- Flag of Albania
- IOC code: ALB
- NOC: Albanian National Olympic Committee
- Website: nocalbania.org.al (in Albanian)

in Milan and Cortina d'Ampezzo, Italy 6 February 2026 – 22 February 2026
- Competitors: 4 (1 man and 3 women) in 1 sport
- Flag bearers (opening): Denni Xhepa & Lara Colturi
- Flag bearer (closing): Volunteer
- Medals: Gold 0 Silver 0 Bronze 0 Total 0

Winter Olympics appearances (overview)
- 2006; 2010; 2014; 2018; 2022; 2026;

= Albania at the 2026 Winter Olympics =

Albania competed at the 2026 Winter Olympics in Milan and Cortina d'Ampezzo, Italy, from 6 to 22 February 2026. It was the nation's sixth appearance at the Winter Olympics, with its first debut at the 2006 Winter Olympics.

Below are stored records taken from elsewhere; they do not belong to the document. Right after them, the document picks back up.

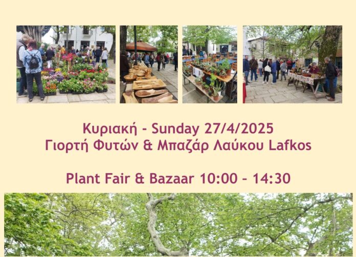 Αυτή την Κυριακή 27 Απριλίου από τις 10 το πρωί ως τις 14:30 θα πραγματοποιηθεί στον Λαύκο γιορτή φυτών και bazaar. Η εκδήλωση γίνεται με την υποστήριξη του Πολιτιστικού Συλλόγου Λαύκου «Δράση», του Περιπατητικού Συλλόγου «Φίλοι των Καλντεριμιών Ν. Πηλίου», της Ζωοφιλικής Αδεσπότων Πηλίου, του «Give Strays a Chance» και του “Mediterranean Garden Society Πήλιο και Σποράδες».
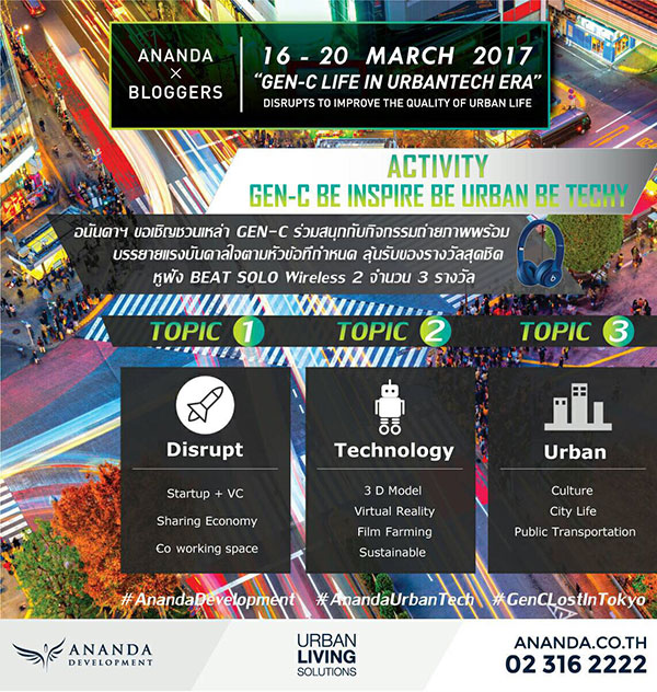 เพื่อเป็นการตอกย้ำความเป็น "Tech Company" รายแรกในวงการฯ อนันดาฯ พา Blogger จากสื่อออนไลน์ชั้นน้ำในเมืองไทย เช่น Checkraka, Marketeer, Unlockmen, DDproperty ไปไกลถึงประเทศญี่ปุ่นกันอีกครั้ง โดยมีธีมการเดินทางไปชื่อว่า "GEN-C Life in UrbanTech Era" พบกับทีม Startup และ Venture Capital (VC) ของประเทศญี่ปุ่น ดูเทคโนโลยีที่เกี่ยวกับการใช้ชีวิตและการอยู่อาศัยของคนรุ่นใหม่ ซึ่งเราได้บุกไปเยี่ยมชมสถานที่ทำงานจริงและฟังการบรรยายพร้อมพูดคุยในเรื่องต่างๆ กับทีมงาน Startup ของที่นั่นอย่างใกล้ชิดกันอีกด้วย ซึ่งบรรดาเทคโนโลยีที่กำลังจะไปชมนี้ก็อาจจะมีการนำมาปรับใช้หรือผสมผสานเข้ามาใน platform ของอนันดาที่เป็นผู้นำในด้าน Urban Tech ของวงการอสังหาริมทรัพย์ในประเทศไทยด้วยค่ะ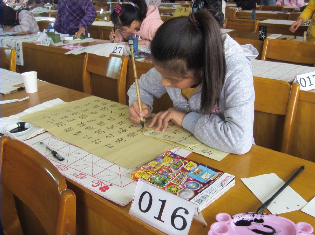 我校南田书画社5位小社员参加了上午第一场次的比赛。虽然我校这次参赛的五位小社员有的是首次参加这样级别的比赛,但他们仍能表现得从容不迫。特别是吴帆同学,她的参赛内容多达81个字,要在一小时之内写完并落款盖章,需要极大的勇气和定力。这个时候,平时的认真练习帮了大忙。在赛场上她做到了沉着镇定,一丝不苟。她的作品得到了评委的高度评价和肯定,获得了首场比赛120人中的最高分,位列第一。杨佳同学也不甘落后,紧紧跟随,位列第二。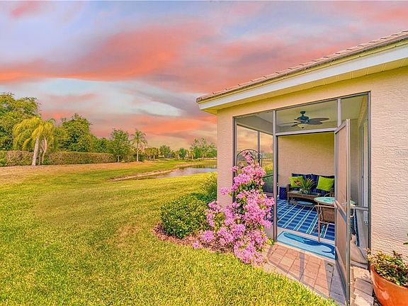 WATERFRONT LUXURY. Peace, Quiet & Tranquility. Mornings will take on a new meaning as you open your POCKETED SLIDING GLASS DOORS to enjoy your morning coffee and water views from your SCREENED LANAI. Watch carefully as you might see a family of deer, a Pelican, Egret or Blue Heron. This stunning OPEN FLOOR PLAN VILLA is perfectly positioned on a premium lot and is tastefully amenitized! The owner spared no expense on quality with over $22K in customization/upgrades including but not limited to: Plantation Shutters, Cullligan Reverse Osmosis Water Purification System, Electronic Air Purification System, Nest Smart Learning Thermostat, Upgraded Lighting & Plumbing Fixtures. The large Kitchen is complete with GAS STOVE, LARGE GRANITE ISLAND and STAINLESS APPLIANCES. The Average Utility bill in this home is less than $50 per month! When it is time to unwind, slip off into your large Master Bedroom with Room Darkening Window Treatments! The Master also features spacious Bathroom Suite, Walk~In Closet with Custom Shelving and the list goes on! Eagle Trace is one of the most sought after MAINTENANCE FREE COMMUNITIES in the LAKEWOOD RANCH area. A private gated community featuring RESORT STYLE POOL, SPA, PICNIC AREA with Gas Grill and TENNIS COURTS. The neighborhood also includes DOG PARKS, one each for small and large dogs. There are NO CDD fees, while still benefiting from the conveniences of being located next to LAKEWOOD RANCH, the country's top selling master-planned community. Only minutes to the world's most beautiful GULF BEACHES. This home is also conveniently located to Sarasota's Downtown, Arts & Cultural Districts. A complete furniture and fixtures package is available under separate contract. Tour it! Love it! Own it Today!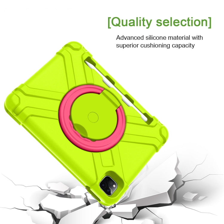 For iPad Pro 11 (2020) PC + Silicone Shockproof Combination Tablet Case with 360 Degree Rotating Holder & Handle(Grass Green+Rose Red)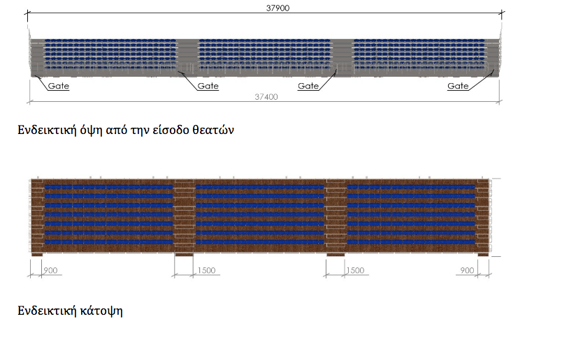 Υπενθυμίζεται ότι σύμφωνα με τη μελέτη, η πτυσσόμενη κερκίδα που θα έχει τη δυνατότητα αναδίπλωσης με ηλεκτρικό μηχανισμό θα τοποθετηθεί κατά μήκος του αγωνιστικού χώρου απέναντι από τους πάγους των ομάδων.

Alpine skiers Denni Xhepa and Lara Colturi were the country's flagbearer during the opening ceremony. Meanwhile, a volunteer was the country's flagbearer during the closing ceremony.

==Competitors==
The following is the list of number of competitors participating at the Games per sport/discipline.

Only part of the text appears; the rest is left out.